# 2000 Pathfinder Bose 1 CD replacement?



## MnSD (Aug 25, 2005)

I have had great luck with my 2000 Pathfinder until recently. In looking here, seems many have the same luck with Bose. Guess I am lucky mine lasted so long. It skips, I get the error message. I'm gettin a new one. Any advice on the wiring? Probably just go to Crutch. They may cost a little more but their service from my experience is tops. Any experience using one of their wiring kits? Any problems in removing the dash pieces to get to the stereo head unit? 
Thanks folks.


----------



## captain_shrapnel (Sep 10, 2004)

I don't know about your car, but Crutchfield uses Metra wiring kits which are very good and easy to connect.
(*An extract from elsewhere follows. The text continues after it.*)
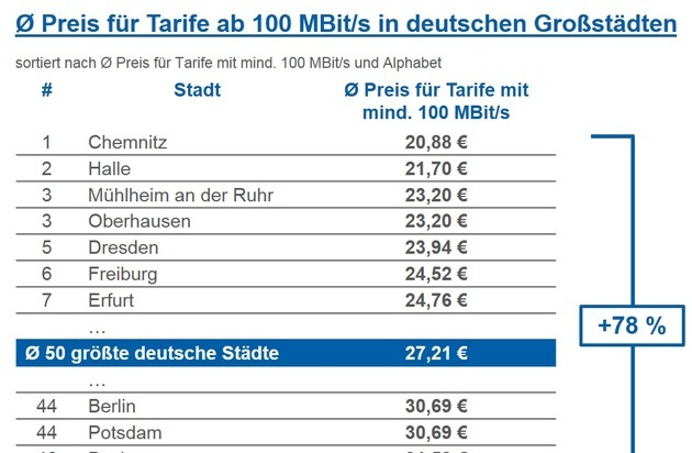 Internettarife ab 100 MBit/s kosten im Schnitt der 50 größten Städte 27 Euro monatlich In 43 der 50 größten deutschen Städte schnelles Internet für durchschnittlich unter 30 Euro Günstigster Tarif mit mindestens 100 MBit/s bereits für 19 Euro pro Monat

They even come with directions and pictures.


----------



## MnSD (Aug 25, 2005)

captain_shrapnel said:


> I don't know about your car, but Crutchfield uses Metra wiring kits which are very good and easy to connect. They even come with directions and pictures.
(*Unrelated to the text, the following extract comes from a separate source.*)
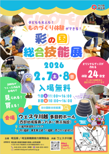埼玉県川越市の「ウェスタ川越」で、2026年2月7日(土)~2月8日(日)まで、「彩の国総合技能展」が開催されます。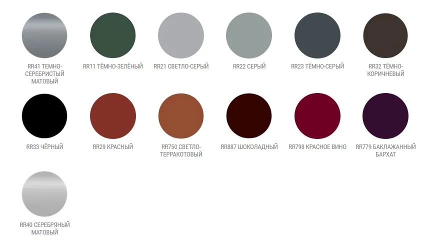 Варианты полимерных покрытий GreenCoat: Polyester (Полиэстер), Polyester Matt Rought (Полиэстер Матовый), Crown BT (Purex Пурекс), Pural Matt BT (Пурал Матовый), Hiarc Matt

Thanks Captain, preciate the input. I had good luck with my system but hey its going on 6 years old. So time for an Alpine head unit I think. Any problem with disconnecting the battery and the alarm system is one of the things I was wondering about?


----------



## MnSD (Aug 25, 2005)

*Out with the Bose and in with the Alpine.*

For those of you having the Bose CD err problem, and just tired of a decent at best system. Just installed a new Alpine head unit, it sounds great. Super easy install with the kit they sell at Crutchfield. Took about an hour. The alpine head unit is great, the existing speakers sound better then they ever did with the Bose..


----------



## MnSD (Aug 25, 2005)

*Scosche Amp interface kits*



captain_shrapnel said:


> I don't know about your car, but Crutchfield uses Metra wiring kits which are very good and easy to connect. They even come with directions and pictures.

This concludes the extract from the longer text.